Should you trust that official-sounding guy on the phone trying to talk you into transferring cash from your account to his? Well, we're going to go out on a limb here and say no, but in case that's not so obvious, new voice analysis technology out of Japan promises to help spot the scammers for you.
Nagoya University and Fujitsu have created software they say can automatically identify situations in which one party might "overtrust" the other. It does so by detecting changes in voice pitch and volume level that can occur under psychological duress.
By combining this technology with keywords such as "indebtedness" or "compensation" that are characteristic to a specific type of remittance-soliciting phone-phishing scam called furikomesagi, the researchers have developed a setup now being tested in collaboration with the National Police Agency of Japan and the Bank of Nagoya.
Furikomesagi ploys, which the researchers dub a "serious social problem in Japan," typically target the elderly over the phone.
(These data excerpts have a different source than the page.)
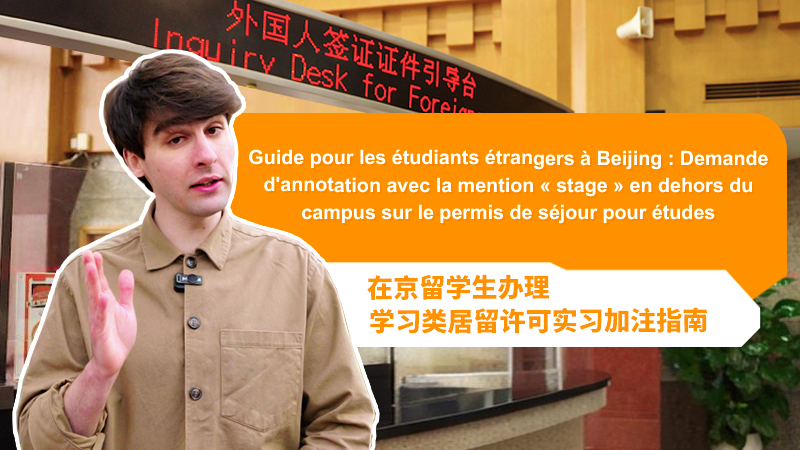 Guide pour les étudiants étrangers à Beijing : Demande d'annotation avec la mention « stage » en dehors du campus sur le permis de séjour pour études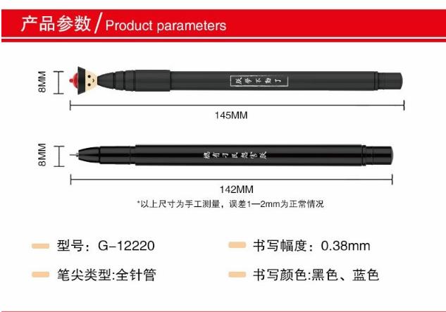 商品名称:金万年 G-12220 朕语录0.38全针管配RS06芯拔帽中性笔-黑色 12支/盒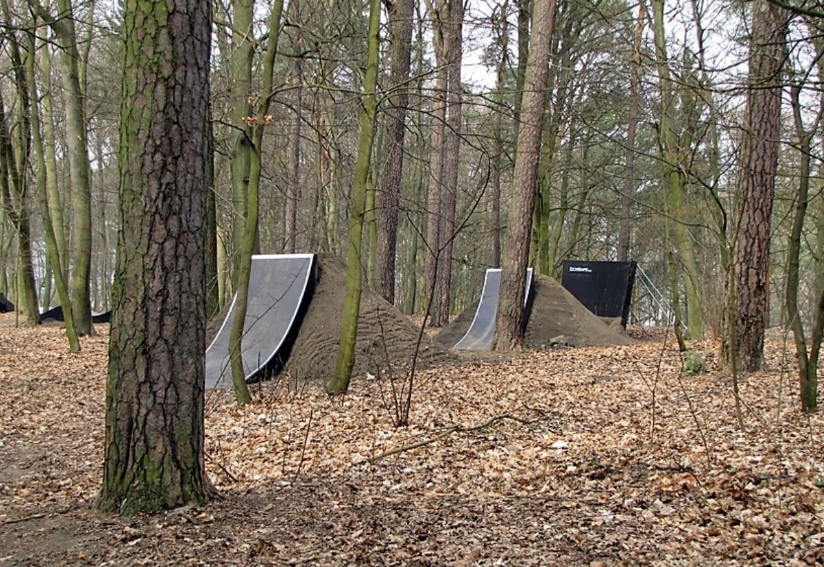Cycling track in Choszczno (Poland) consists of components like: footbridge, Curved Wallride, Pumptrack, Northshore, Kicker x4, Jump + Box, Wallride, Rollin.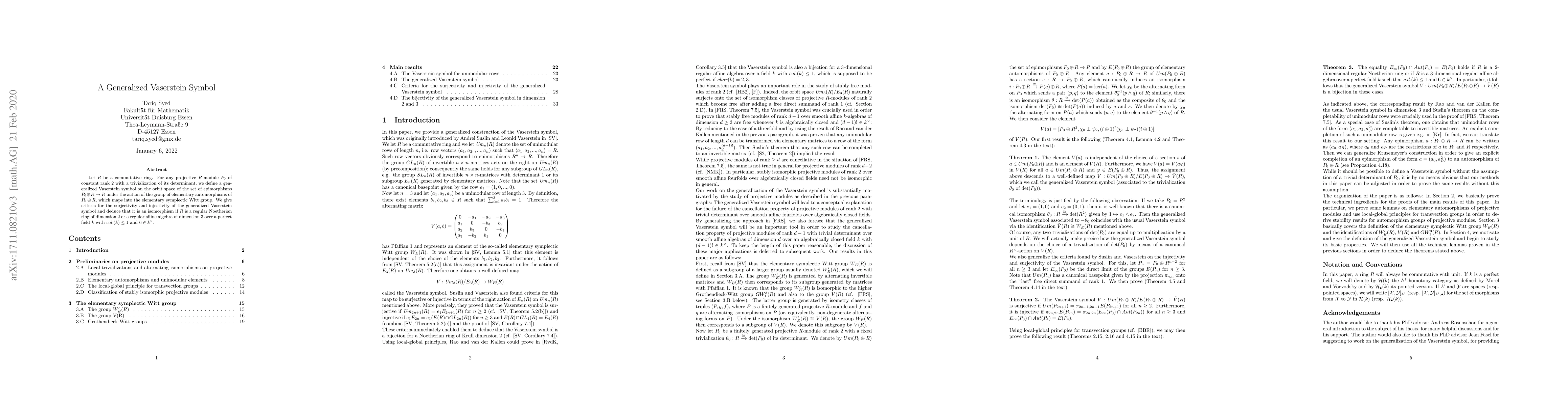 This paper defines a generalized Vaserstein symbol for projective modules over commutative rings, mapping it into the elementary symplectic Witt group, and establishes conditions for its surjectivity and injectivity, proving it is an isomorphism under specific ring conditions.

Perpetrators often pose as an acquaintance of the intended victim or a person in a position of authority, such as a police officer or lawyer, to convey distressing information relating to a scandal or crime supposedly committed by an acquaintance of the victim. Surprise, surprise, it's all meant to deceive people into wiring large amounts of money.
The new system aims to protect victims of such schemes by alerting them, as well as family members or other objective third parties, that a ruse is afoot. Tests of the technology identified remittance fraud with more than 90 percent accuracy, the researchers said.
While speech recognition systems have previously employed keyword-detecting technology, the new system goes a step further by also taking into consideration the psychological stress that can occur when someone is receiving distressing information that catches them by surprise, confuses them, or impairs their judgment.
Meanwhile, the scam-stopping setup joins a growing list of technologies that purport to understand the subtleties of human character and communication in voice, writing, and even photos. Among these are Exaudios' system, which examines phone callers' intonations to tell if they are happy, sad, or angry; and ToneCheck, a "spell-checker" for sentiment in e-mail.
Israeli researchers have developed one tool that spots words, phrases, and even metaphors indicating depression in online text, and another that purports to spot sarcasm. And yet another tool examines images of faces for traits such as competence, trustworthiness, meanness, dominance, and extroversion.